31 OCT 2012: Chaos at airports? Not really. Not long ago, a powerful storm pounding the Northeast would have brought havoc to some of the nation's busiest airports. Families sleeping on the floor amidst mounds of luggage, passengers stuck for hours on planes hoping to take off; and dinners cobbled together from near-empty vending machines. No more.

True, Superstorm Sandy grounded more than 18,000 flights across the Northeast and the globe, more than 7,000 flights were cancelled on Tuesday alone, and it will take days before travel gets back to normal. But unlike other incidents of delay and cancellation, in the aftermath of Sandy, airports from Washington to Boston are deserted. There are hundreds of thousands of travellers stranded across the US and around the world, but instead of camping out inside airport terminals they are staying with friends and family or in hotels.
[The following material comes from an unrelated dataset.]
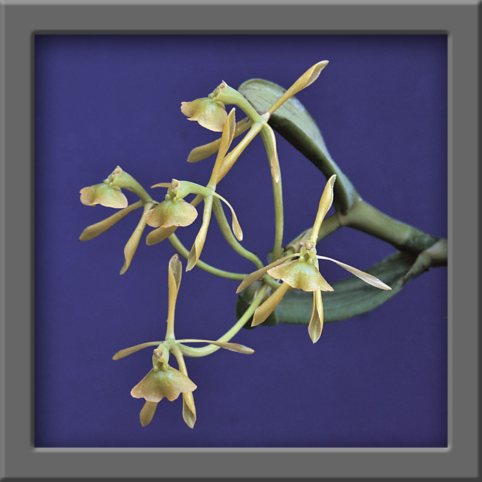 Found in Costa Rica in premontane rain forest to cloud forest and disturbed primary forests at elevations around 85 to 1100 meters as a medium to large sized, hot to just cool growing epiphyte with simple, cane-like, slightly laterally compressed, slightly flexuous stem carrying 4 to 8, throughout the stem, erect, elliptic to ovate-elliptic, unequally bilobed, subcoriaceous leaves that blooms in the spring on a terminal, flowering only once, sessile, subcorymbose inflorescence with 5 to 7, simultaneous, resupinate, nocturnally fruity fragrant flowers.

Cancellations and delays continue Delays rippled across the US, affecting travellers from San Francisco to Atlanta. Some passengers attempting to fly out of Europe and Asia also were stuck. New York's three big airports remain shut because of the storm, this is the nation's busiest airspace, so cancellations there can dramatically affect travel in other cities. It was possible that John F. Kennedy airport would re-open for flights on Wednesday, according to the Port Authority of New York and New Jersey. It wasn't known when the LaGuardia and Newark, airports would reopen. Flying began to resume at other airports. Delta started flying from Boston, Washington Dulles and Reagan on Tuesday. Airline spokesman Morgan Durrant said it would resume domestic flights from JFK on Wednesday.

Keep them away After years of storm mismanagement and the bad public relations that followed, US airlines have rewritten their severe weather playbooks. They've learned that it's best to cancel flights early and keep the public away from airports, even if that means they'll have a bigger backlog to deal with once conditions improve. This allows the airlines to tell gate agents, baggage handlers and flight crews to stay home, too - keeping them fresh once they're needed again.

Get the planes to safety And by moving planes to airports outside of the storm's path, airlines can protect their equipment and thereby get flight schedules back to normal quickly after a storm passes and airports reopen. These precautions make good business sense. They also help the airlines comply with new government regulations that impose steep fines for leaving passengers stuck on planes for three hours or more. ``The last few major storms created such gridlock, and such bad will with their best customers, they just had to shift their behaviour,'' said Kate Hanni, who heads up the passenger advocacy group Flyers Rights and lobbied for the three-hour rule. ``The flying public would rather have their flights pre-cancelled than be sleeping in Chicago on a cot.'' Departure monitors at airports across the Northeast Monday and Tuesday reflected that new approach. •    London: Cancelled. •    Seattle: Cancelled. •    Los Angeles: Cancelled. •    Hong Kong: Cancelled. •    Houston: Cancelled. And the number of cancellations is likely to rise.